The lawyers want to know who was responsible for the stationing of the police vehicle and the reason for it and said they hoped the letter to the commissioner would forestall any “overzealous actions” on the part of the members of the Police Service.

Ramoutar dismissed Gibbs’s suggestion that the “mere possession of a search warrant” gave police officers licence to effect a raid at a media house or home of a journalist.

“The action undertaken was disproportionate in scope and an unprecedented abuse of police power,” he said.

“Our clients demand the immediate return of seized property,” Ramoutar said.

Newsday also issued a statement yesterday denouncing the police vehicle parked outside Bagoo’s home.

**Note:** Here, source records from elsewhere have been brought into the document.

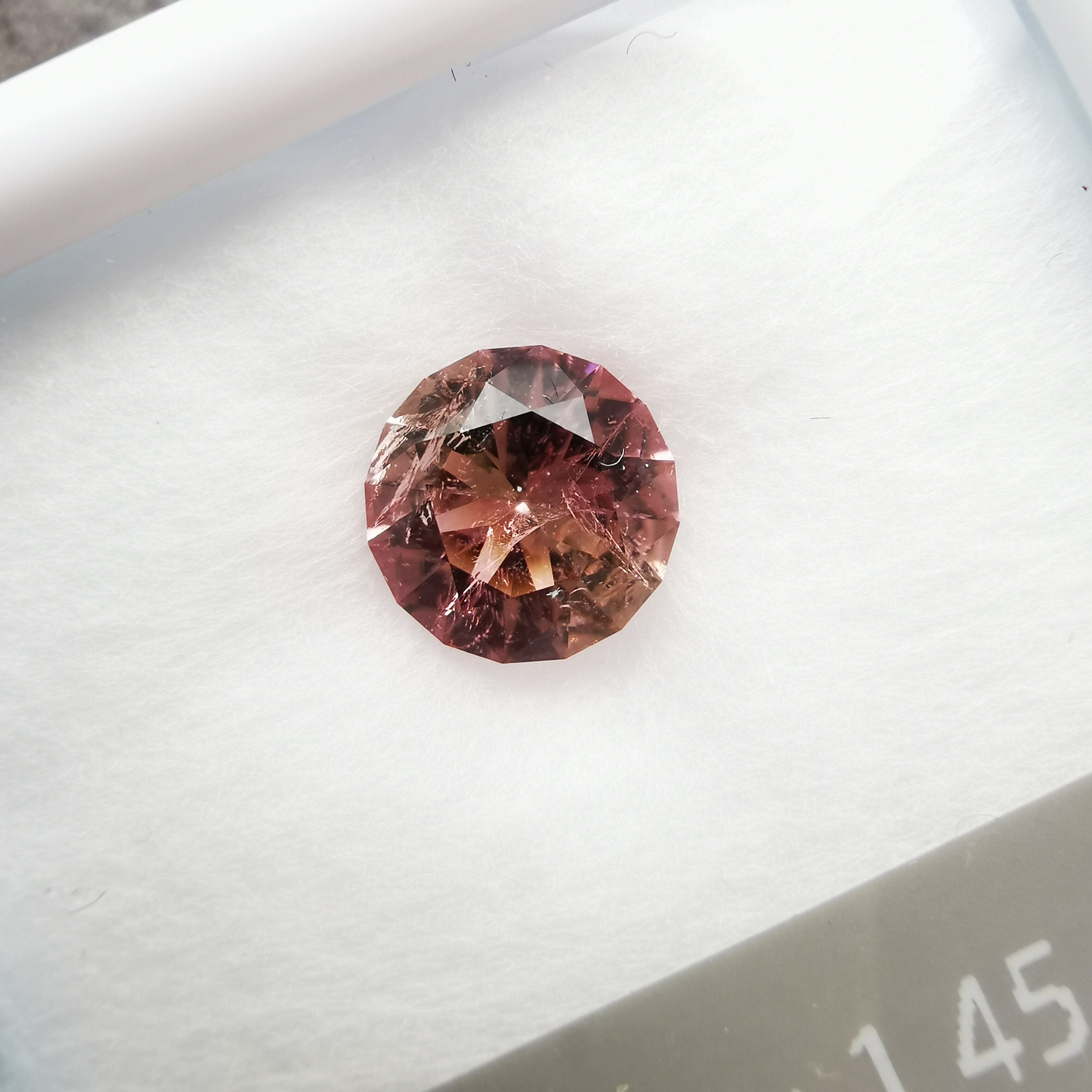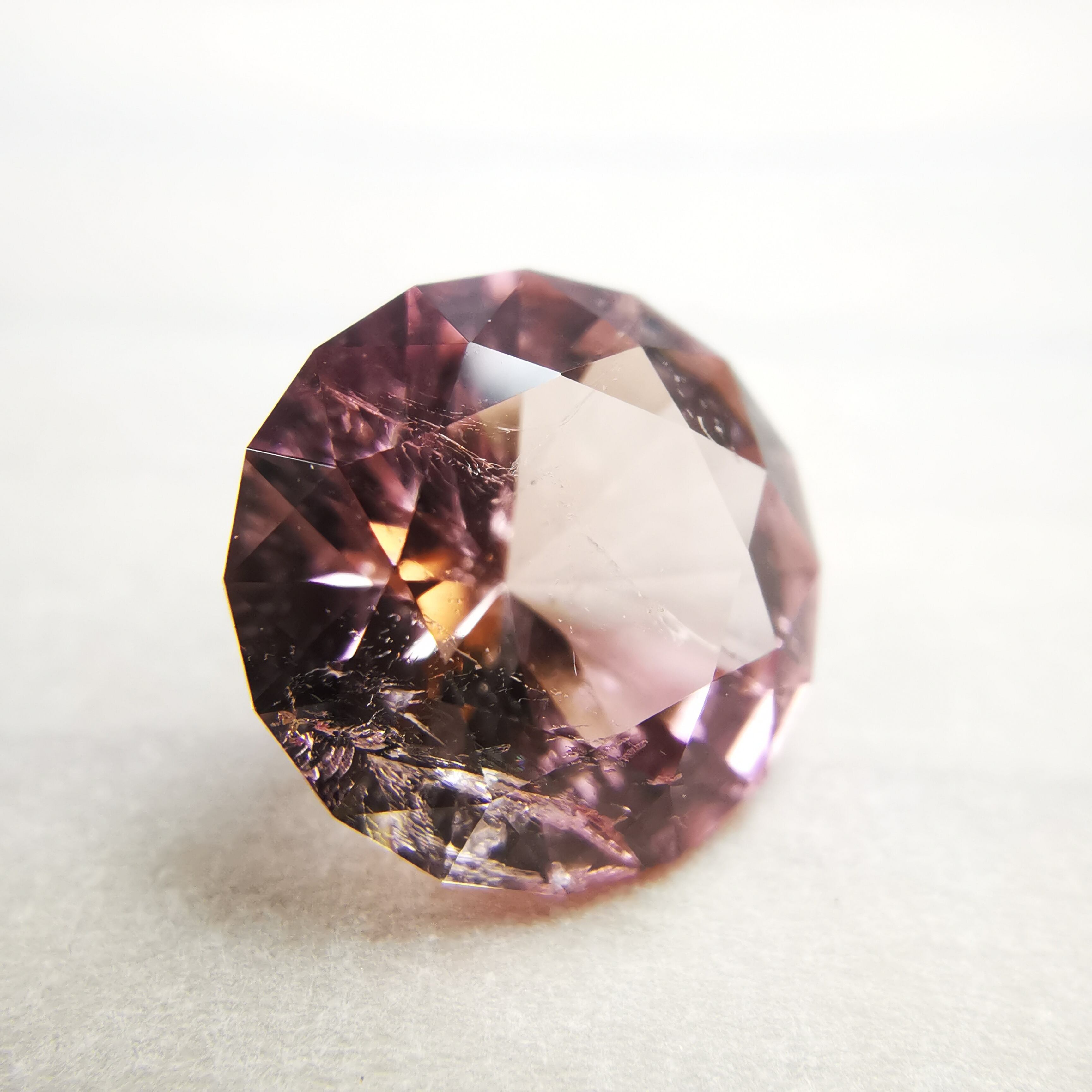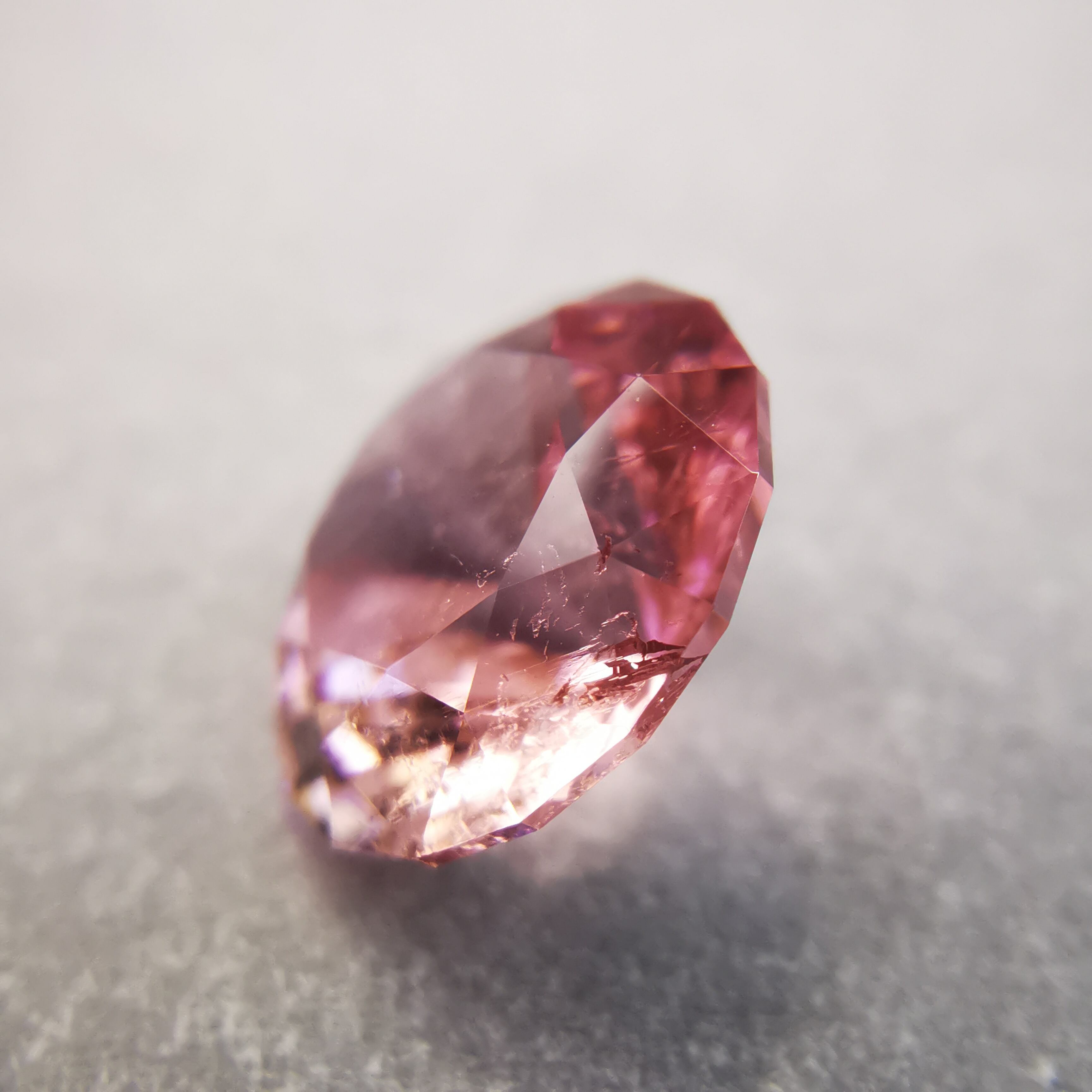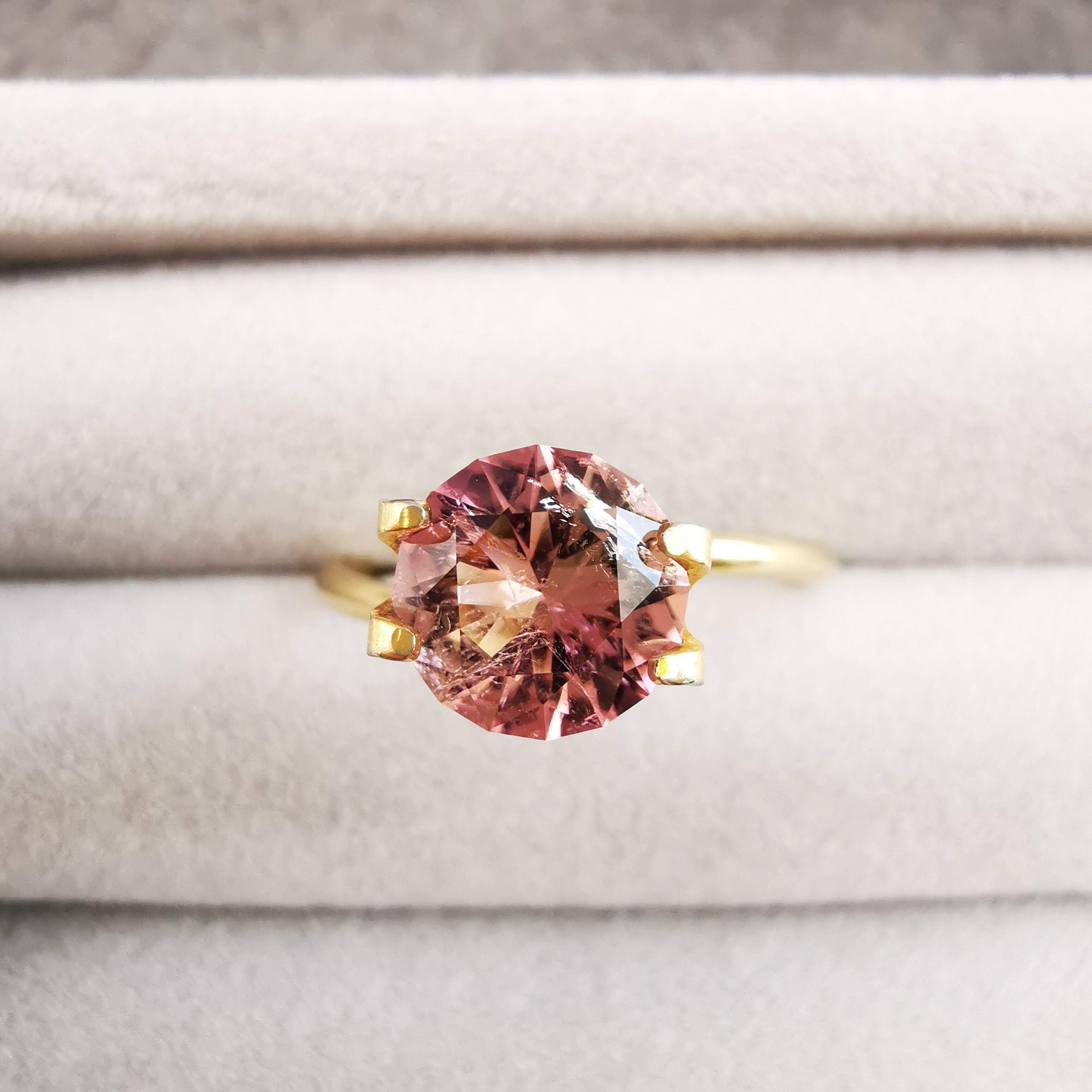 濃い目の桜色と黄みの入った珊瑚色、多色性により2つの魅力的な色を併せ持つトルマリンです。
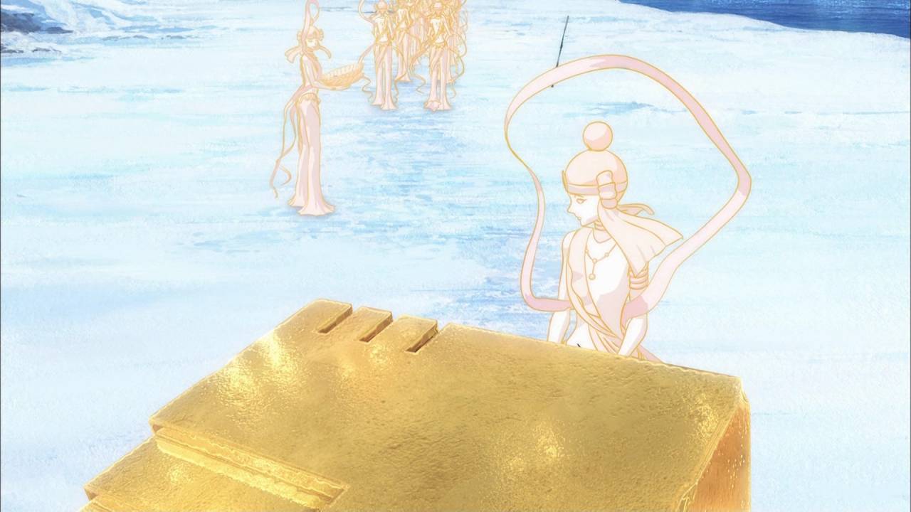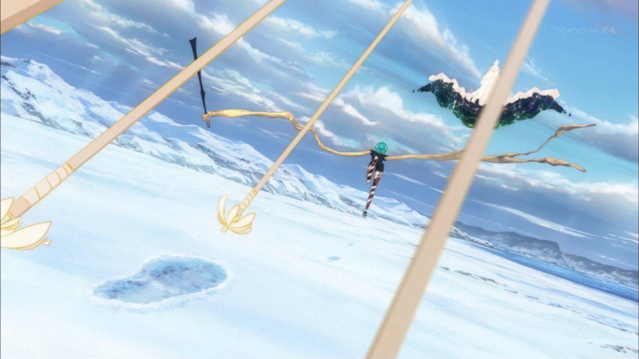 宝石の国8話:冬編の最後 映像化するとこうなるんだなぁと 流氷の恐ろしさ、サーフィン的な動きや月人の新しい罠、先生と月人とのやり取りなど映像になったことで新しい魅力が出ているシーンが多くて満足度が高い 戦闘中のフォスの状態もわかりやすくなったし、劇的な見せ方だったなぁ
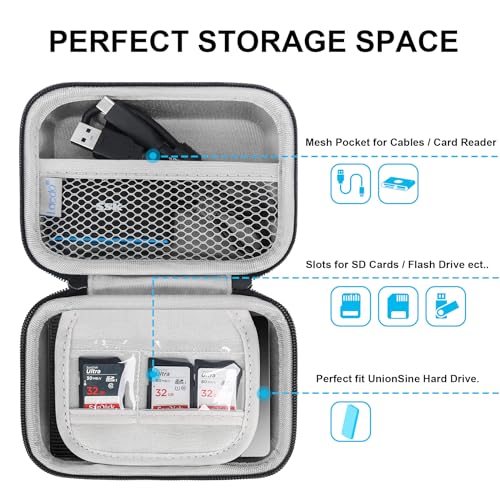 - ALL-IN-ONE TECH VAULT: No more tangles or lost gear! flexible elastic bands lock your UnionSine External Hard Drive in place, while the mesh pouch stores usb cables and other accessories. Hidden SD card slots (holds 4+ game memory cards!) and a padded divider turn chaos into order. Transforming this hard drive carrying case into an all-in-one travel organizer for photographers and tech enthusiasts.—finally, a case that thinks ahead!

“There were two men in the vehicle and the engine was running for the entire time, with headlights turned off in a dark area outside the house,” the statement noted, adding that Bagoo was not even at home at the time of the incident.

The paper repeated its “strong condemnation” of the search and seizure of computers at both its office and Bagoo’s home last Thursday and called on Gibbs to treat the matter with the “urgency it deserves”.

Last Thursday, nine policemen attached to the ACIB and led by Senior Supt Solomon Koon Koon executed a warrant and searched the offices of Newsday with respect to an article Bagoo wrote on December 20, 2011 about a row between Integrity Commission chairman Ken Gordon and deputy chairman Gladys Gafoor.

The police seized a computer used by Bagoo in their search for information about the sources he used to write his story. Police also went to Bagoo’s home and seized computers there.